On the Reader

I grew up with sensitive parents who each dealt with their own set of mental health difficulties. While I felt their love and affection during my key years of development, by seven, divorce shook my family to its core, and by eleven, death had riven it asunder. I would never be the same again and I was forced early on into the philosophical conundrum of asking “why?” Why did my mother have to die so young? Why do I deserve this suffering? Why can’t my family get along? Why is life so difficult?

Books became my way of searching for the “why” to life. It was the only way I knew how to do research. My parents both read and wrote, and so I became familiar early on with the concept of reading and escaping and learning and knowing through the page. I learned that reading and writing were my strengths throughout school as well.
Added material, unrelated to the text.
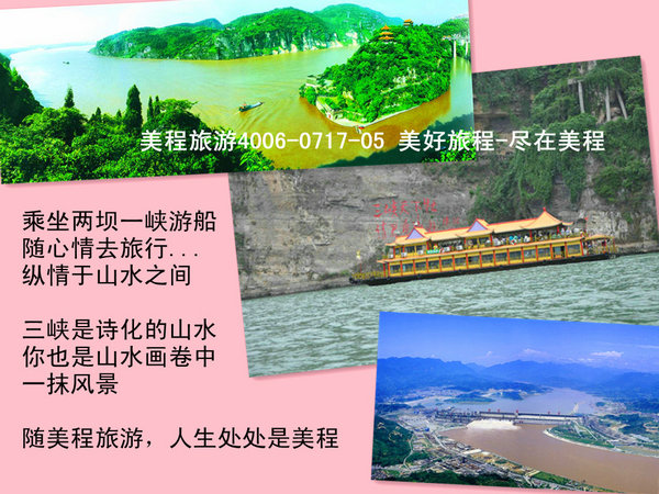 【两坝一峡游船一日游散客接待友情提示 】 :1、亲爱的游客朋友们,美程旅游(4006-0717-05)欢迎您!当您第一次给我们打电话预定或者通过网站在线订单、QQ、手机短信等方式确认您的出行游览计划的时候,恭喜您的美程之旅开始了!

That is why surface-level stories have not interested me since elementary school, when every book on the shelf felt like a gift or a piece of candy. But today, especially with so much out there, I do not have time for stories that are simply meant to entertain—not that there is anything immoral about them. But I have always wanted to learn how to be happy. I have always read literature with a purpose in mind, which is why I take it so seriously. How do I find happiness? I took the good and bad stories as a guide for what I should and should not do in order to be happy. And to do that, I had to judge.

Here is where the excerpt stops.